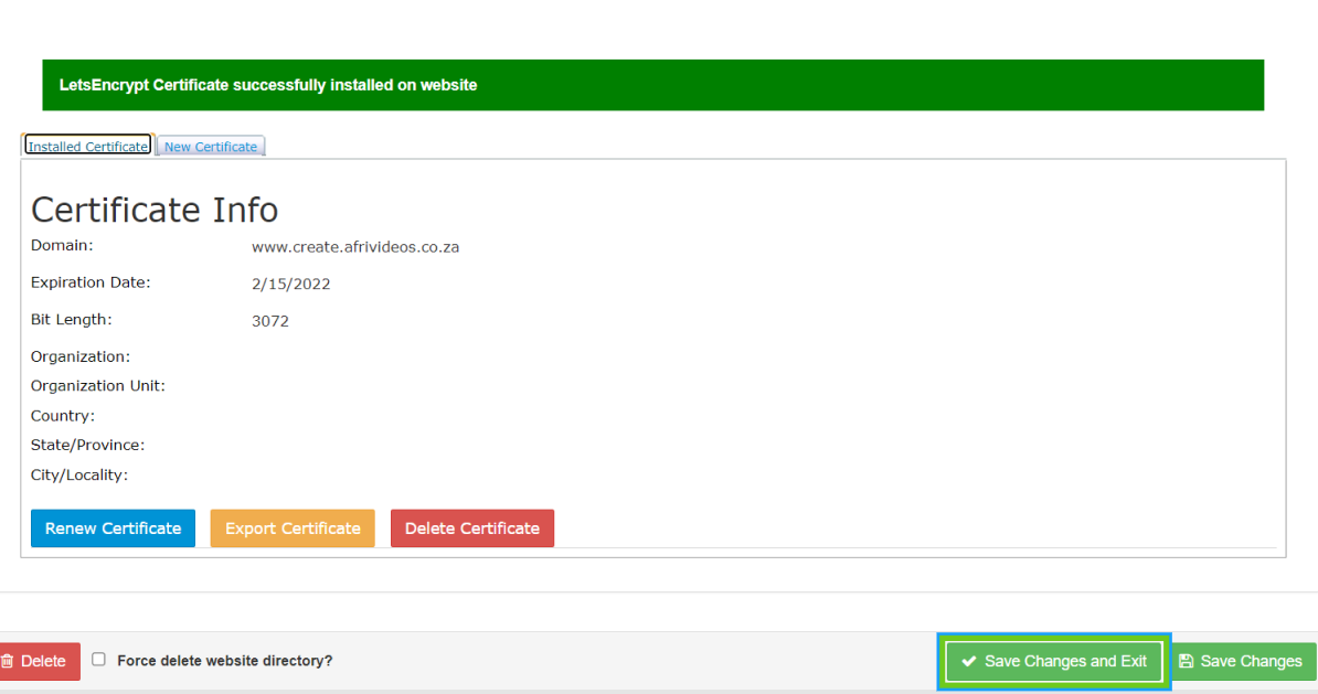 - Once the certificate has been successfully installed and you can view the certificate information, click on ‘Save changes and Exit’.
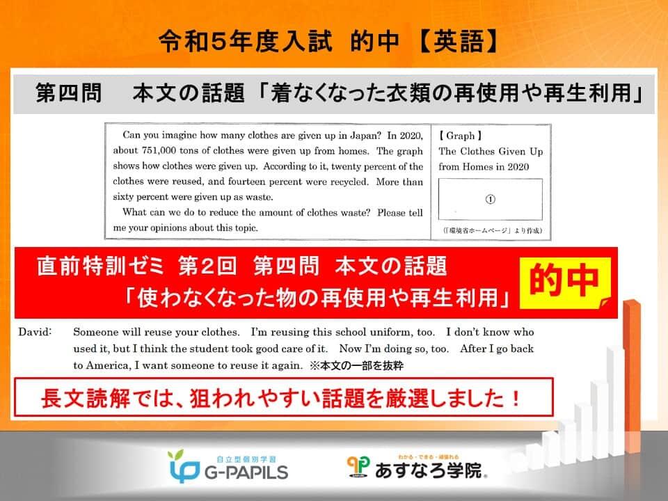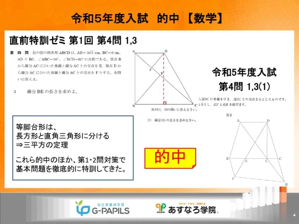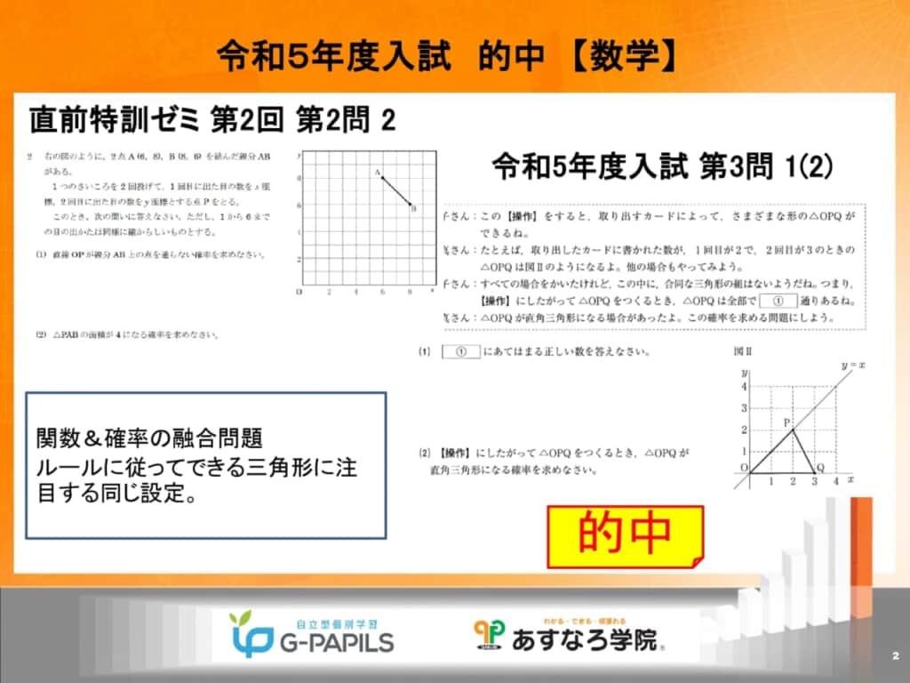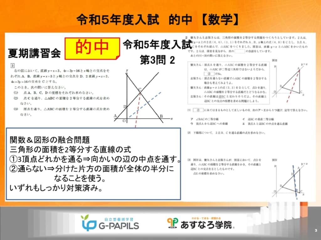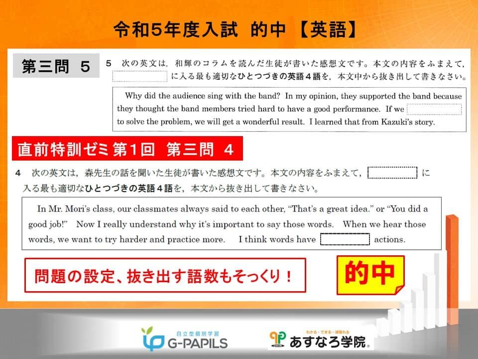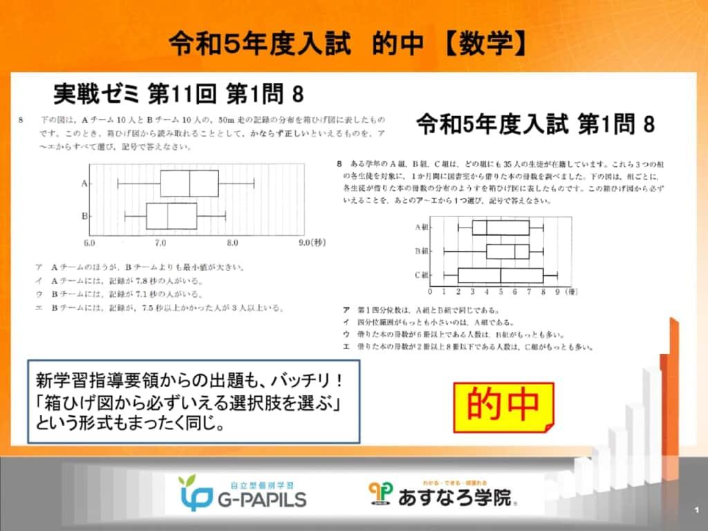 宮城県で43年を数える総合進学塾あすなろ学院では、自慢の入試対策カリキュラムから、今年も多数の問題が的中致しました。
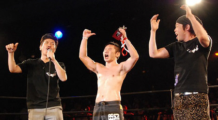 7月5日22時1分配信 オリコン 会場に駆けつけた相方・世界のナベアツ、今田耕司とともに「オモロー!」で勝利を喜ぶジャリズム・山下しげのり お笑いコンビ・ジャリズムの相方、世界のナベアツに置いてけぼりにされていた山下しげのりが遂にスポットライトを浴びた。山下は5日(土)、東京・新宿FACEで開催された総合格闘技イベント『DEEP X03』に参戦、女子プロレスラーの闘牛・空(ブルファイトソラ)を相手に2ラウンドを戦い抜き、判定ながらもデビュー戦で初勝利を飾った。ナベアツや先輩芸人・今田耕司もセコンドとして駆けつけ、最後は全員で「オモロー!」と勝利の雄叫びをあげた。緊迫感あふれるリアルファイトの模様 試合開始後、不意を突かれて先制攻撃を食らった山下だったが、5年に及ぶトレーニングを活かして冷静に体位を入れ替えてマウントポジションをキープ。途中、全身汗だくの山下に対し空選手が「ヌルヌルします」とまさかの“クリーム疑惑”を投げかけ一時試合が中断するハプニングもあったが動じず、決定打を与えなかった。 先月20日の会見では「まぁ、言うても女の子なんで秒殺ですよ」と余裕発言をみせていたが、この日は辛くも判定勝ち。ただ、常に山下を見守り、所属道場『今田道場』の道場長でもある今田がセコンドを務め、ナベアツが「(残り)さぁ~ん十秒」とお馴染みのアホネタでタイムキーパーを務める豪華バックアップに会場が揺れた。 勝利のコールを受け、トロフィーを手に山下は「何とか判定ですけれど勝利できました」とガッツポーズ。リングにナベアツや今田らを呼び寄せ、ナベアツが「僕が1、2、“3”でアホになって、その後“オモロー!”でお願いします」と促して勝利の「オモロー!」を決めた。 昨日店長会議があったのですが、そこで某ワシのマークの大○製薬様の結構偉い方が、社内表彰をするのに、「ひょ~しょ~じょ~♪」とナベアツ風にアホになってしまい、すべて持って行かれた・・・。横にいた部下、目が点・・・。チクショー!!
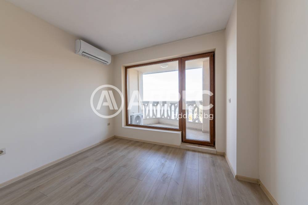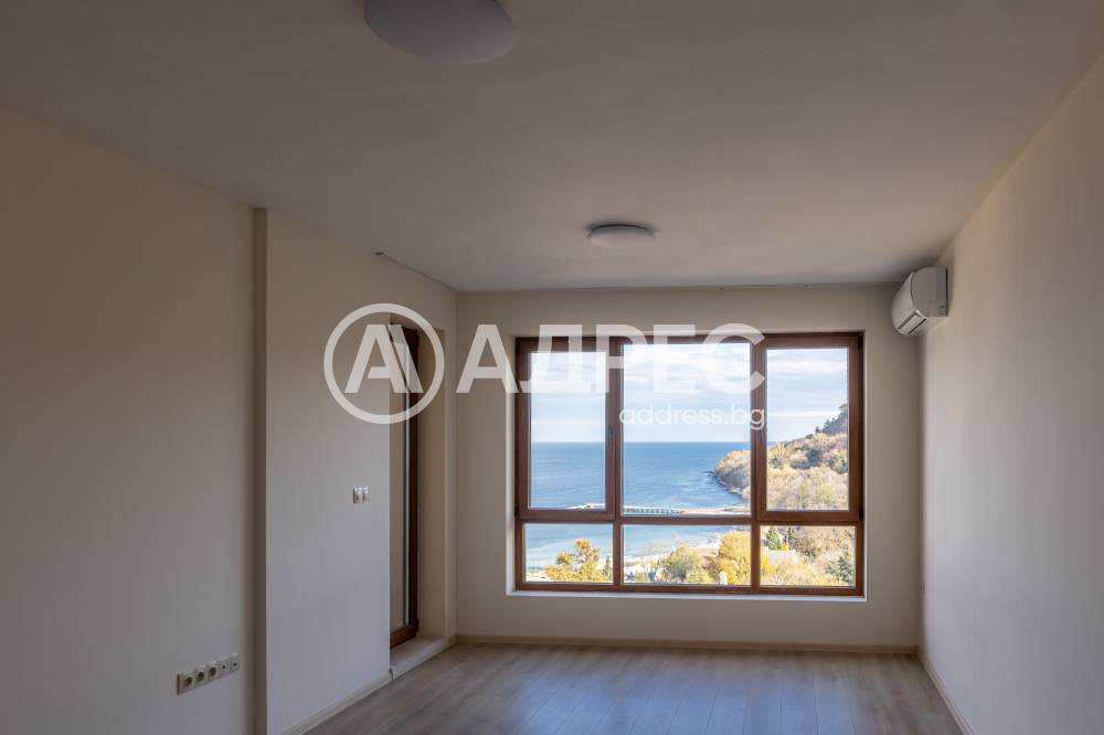 Прекрасен,панорамен, завършен до ключ апартамент, намиращ се в затворен комплекс, разположен на брега на морето. Апартаментът е с чиста площ от 58кв.м и се състои от просторна дневна, спалня, с излаз на тераса,санитарен възел. Апартаментът е завършен до ключ с подови настилки, интериорни врати, с обзаведена и оборудвана баня с тоалетна, вградена кухня с електро уреди.
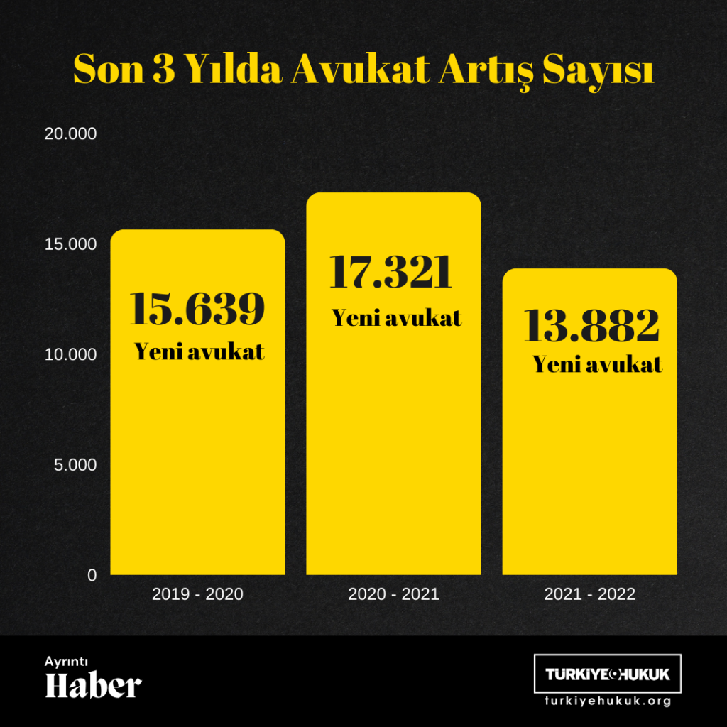 Türkiye Barolar Birliği (TBB) resmî kayıtlarına göre Türkiye’de son bir yılda 13 bin 882 yeni avukat, barolara kayıt yaptırarak mesleğe adım attı. Bu sayı, bir önceki yıl 17 bin 321’di. 2022 yılı sonu itibarıyla Türkiye’de 83 baroya kayıtlı toplam avukat sayısı 174 bin 533’e yükseldi.
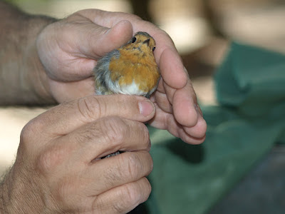 hui realitzem una sesió estiuenca d´anellament a la Font Roja, destacar la presencia de Iñaki Aranguren de Aranzadi, dins de la zona dels paelleros on la gent amb molta educació s´atraca per vorer que estem fent i d´eixa manera expliquem un poc la nostra tasca.Un total de 13 espècies d´ocells son marcades amb anelletes metàliques.
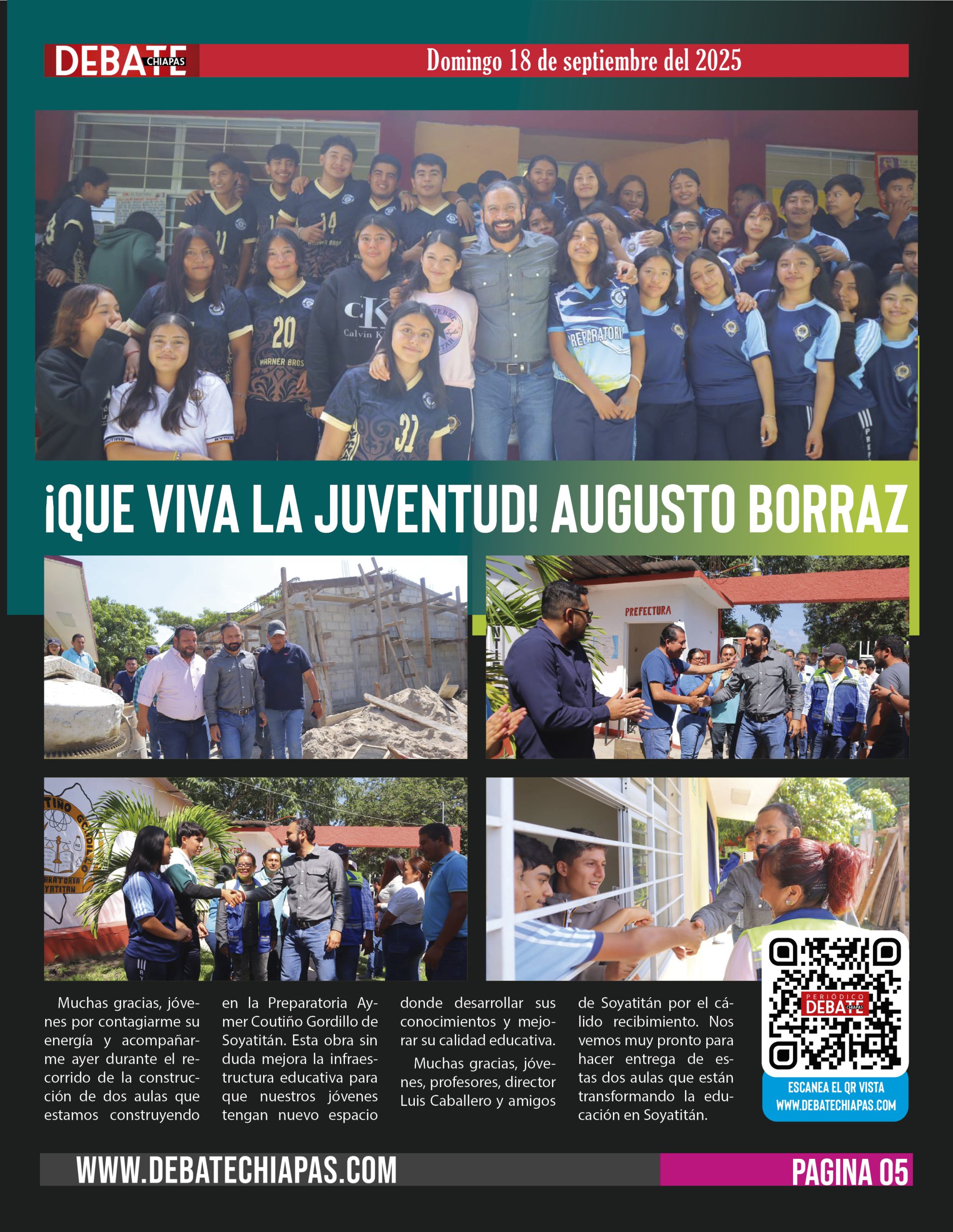 Muchas gracias, jóvenes por contagiarme su energía y acompañarme ayer durante el recorrido de la construcción de dos aulas que estamos construyendo en la Preparatoria Aymer Coutiño Gordillo de Soyatitán. Esta obra sin duda mejora la infraestructura educativa para que nuestros jóvenes tengan nuevo espacio donde desarrollar sus conocimientos y mejorar su calidad educativa.
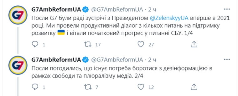 Послы стран «Большой семерки» (G7) во время встречи с президентом Украины Владимиром Зеленским поддержали закрытие украинской властью оппозиционных телеканалов «112-Украина», NewsOne и ZIK.
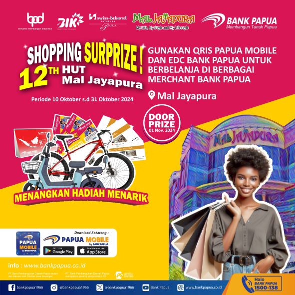 - Untuk memberikan Surprize kepada Masyarakat yang berbelanja di Mal Jayapura dengan transaksi non tunai, Dimana dengan Pengunjung /Masyarakat berbelanja menggunakan Papua Mobile di Merchant Bank Papua dengan transaksi di EDC/ QRIS Statis, struk belanja tersebut ditukarkan dengan kupon hadiah yang akan diundi pada saat ulang tahun Mall Jayapura (1 November 2024).
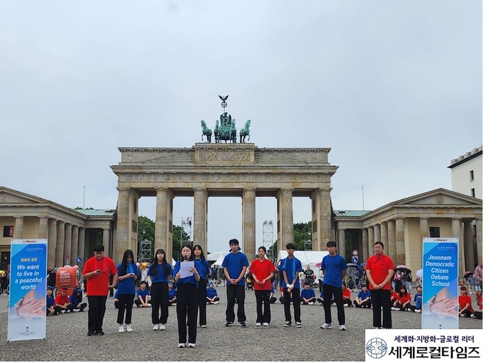 [세계로컬타임즈 김명진 기자] 전남민주시민토론학교 국외 캠프단이 베를린 현지에서 평화와 공존 메시지를 담은 ‘공공외교’ 활동에 나서 현지의 이목을 집중시켰다.

=-=-=

Without the images, print all of the lines above exactly.

 - Once the certificate has been successfully installed and you can view the certificate information, click on ‘Save changes and Exit’.
 宮城県で43年を数える総合進学塾あすなろ学院では、自慢の入試対策カリキュラムから、今年も多数の問題が的中致しました。
 7月5日22時1分配信 オリコン 会場に駆けつけた相方・世界のナベアツ、今田耕司とともに「オモロー!」で勝利を喜ぶジャリズム・山下しげのり お笑いコンビ・ジャリズムの相方、世界のナベアツに置いてけぼりにされていた山下しげのりが遂にスポットライトを浴びた。山下は5日(土)、東京・新宿FACEで開催された総合格闘技イベント『DEEP X03』に参戦、女子プロレスラーの闘牛・空(ブルファイトソラ)を相手に2ラウンドを戦い抜き、判定ながらもデビュー戦で初勝利を飾った。ナベアツや先輩芸人・今田耕司もセコンドとして駆けつけ、最後は全員で「オモロー!」と勝利の雄叫びをあげた。緊迫感あふれるリアルファイトの模様 試合開始後、不意を突かれて先制攻撃を食らった山下だったが、5年に及ぶトレーニングを活かして冷静に体位を入れ替えてマウントポジションをキープ。途中、全身汗だくの山下に対し空選手が「ヌルヌルします」とまさかの“クリーム疑惑”を投げかけ一時試合が中断するハプニングもあったが動じず、決定打を与えなかった。 先月20日の会見では「まぁ、言うても女の子なんで秒殺ですよ」と余裕発言をみせていたが、この日は辛くも判定勝ち。ただ、常に山下を見守り、所属道場『今田道場』の道場長でもある今田がセコンドを務め、ナベアツが「(残り)さぁ~ん十秒」とお馴染みのアホネタでタイムキーパーを務める豪華バックアップに会場が揺れた。 勝利のコールを受け、トロフィーを手に山下は「何とか判定ですけれど勝利できました」とガッツポーズ。リングにナベアツや今田らを呼び寄せ、ナベアツが「僕が1、2、“3”でアホになって、その後“オモロー!”でお願いします」と促して勝利の「オモロー!」を決めた。 昨日店長会議があったのですが、そこで某ワシのマークの大○製薬様の結構偉い方が、社内表彰をするのに、「ひょ~しょ~じょ~♪」とナベアツ風にアホになってしまい、すべて持って行かれた・・・。横にいた部下、目が点・・・。チクショー!!
 Прекрасен,панорамен, завършен до ключ апартамент, намиращ се в затворен комплекс, разположен на брега на морето. Апартаментът е с чиста площ от 58кв.м и се състои от просторна дневна, спалня, с излаз на тераса,санитарен възел. Апартаментът е завършен до ключ с подови настилки, интериорни врати, с обзаведена и оборудвана баня с тоалетна, вградена кухня с електро уреди.
 Türkiye Barolar Birliği (TBB) resmî kayıtlarına göre Türkiye’de son bir yılda 13 bin 882 yeni avukat, barolara kayıt yaptırarak mesleğe adım attı. Bu sayı, bir önceki yıl 17 bin 321’di. 2022 yılı sonu itibarıyla Türkiye’de 83 baroya kayıtlı toplam avukat sayısı 174 bin 533’e yükseldi.
 hui realitzem una sesió estiuenca d´anellament a la Font Roja, destacar la presencia de Iñaki Aranguren de Aranzadi, dins de la zona dels paelleros on la gent amb molta educació s´atraca per vorer que estem fent i d´eixa manera expliquem un poc la nostra tasca.Un total de 13 espècies d´ocells son marcades amb anelletes metàliques.
 Muchas gracias, jóvenes por contagiarme su energía y acompañarme ayer durante el recorrido de la construcción de dos aulas que estamos construyendo en la Preparatoria Aymer Coutiño Gordillo de Soyatitán. Esta obra sin duda mejora la infraestructura educativa para que nuestros jóvenes tengan nuevo espacio donde desarrollar sus conocimientos y mejorar su calidad educativa.
 Послы стран «Большой семерки» (G7) во время встречи с президентом Украины Владимиром Зеленским поддержали закрытие украинской властью оппозиционных телеканалов «112-Украина», NewsOne и ZIK.
 - Untuk memberikan Surprize kepada Masyarakat yang berbelanja di Mal Jayapura dengan transaksi non tunai, Dimana dengan Pengunjung /Masyarakat berbelanja menggunakan Papua Mobile di Merchant Bank Papua dengan transaksi di EDC/ QRIS Statis, struk belanja tersebut ditukarkan dengan kupon hadiah yang akan diundi pada saat ulang tahun Mall Jayapura (1 November 2024).
 [세계로컬타임즈 김명진 기자] 전남민주시민토론학교 국외 캠프단이 베를린 현지에서 평화와 공존 메시지를 담은 ‘공공외교’ 활동에 나서 현지의 이목을 집중시켰다.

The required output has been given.